The new section 602.5 of the Illinois Marriage and Dissolution of Marriage Act states that “significant decision-making responsibilities” must be allocated to one or both parents. This was referred to as “joint custody” or “sole custody” in the previous version of the IMDMA. The new section 602.5 is similar to the old one in that the court is to consider the child’s best interests when allocating decision-making responsibilities. This statute section then lists fifteen specific best interest factors as well as a catchall of “any other factor that the court expressly finds to be relevant.” Note that the court is not REQUIRED to allocate any decision-making responsibilities to a parent. In other words, a parent is not guaranteed any decision-making responsibilities; he or she could walk away from a divorce with no significant decision-making responsibilities whatsoever.
Section 602.5 sets forth four significant decision-making issues for parents and courts to address:
1) Education - This includes choice of school and tutors.
2) Health – This includes medical, dental, psychological needs and treatments. However, the statute does not specifically refer to optical or orthodontic needs and treatments. It may be a wise decision for a parent to ask that these be set forth in a written agreement or judge’s decision.
3) Religion – The court is to consider any express or implied agreement between the parents and the parents’ past conduct pertaining to the children attending church or church activities. Note, though, the statute states that the court shall not allocate any aspect of child’s religious upbringing if it determines that there is no express or implied agreement or no previous course of conduct. So, if a parent decides during divorce proceedings that their child should be raised in a particular religion, but the parent had previously never expressed that intent, and the child never attended church or church activities, at trial, a judge may decide that the parent is NOT allocated any decision-making responsibility for the child’s religious upbringing.

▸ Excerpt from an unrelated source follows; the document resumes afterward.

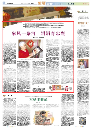 眼瞅著又快到建軍節(jié)了,昨個兒,我叫來大兒子敬朋,指著門楣上懸掛的“光榮之家”牌匾,對他說:“兒啊,把匾取下來,擦干凈,8月1日那天早上咱再掛上去,要讓早上的太陽,首先照亮它。因為——它就是咱家代代相傳、鮮血凝成的家風(fēng)啊!”(楊知雪/口述 謝學(xué)楓/整理)

4) Extracurricular Activities – This issue is often a point of contention with parents following divorce. One parent may argue that the other enrolls the child in activities during his or her parenting time, that the child is enrolled in too many activities, and/or that the activities are too expensive. Stating specifically who has the authority to make these decisions may diminish future issues between the parents. The parents should also request that any agreement or judge’s decision state a limit on the number of extracurricular activities a child may participate in per school year or per season, as well as a limit on the out of pocket cost for each parent.
The four above-mentioned decision-responsibilities are not finite. The statute says that the responsibilities include those four, but are not limited to just those four. Another decision-making responsibility to be allocated to one or both parents may be childcare. This could include the decision of a childcare provider whether it be an in-home nanny, a daycare facility, a family member, etc. and what kind of research and investigation is done in order to make that choice. Other decision-making responsibilities may be fact-specific depending on a child’s needs. For example, if a child requires the services of an occupational therapist or physical therapist for developmental delays, one parent may be designated as the decision-maker for choosing the providers and creating a therapy schedule. If a child has extreme allergies or dietary restrictions, one parent may be designated as the decision-maker for setting the child’s diet, choosing a nutritionist or dietician, and/or purchasing food. If you as a parent feel that some issue in your child’s life is significant, and you want the power to make decisions about that issue, or share in making those decisions with your ex-spouse, make sure to discuss that with your lawyer.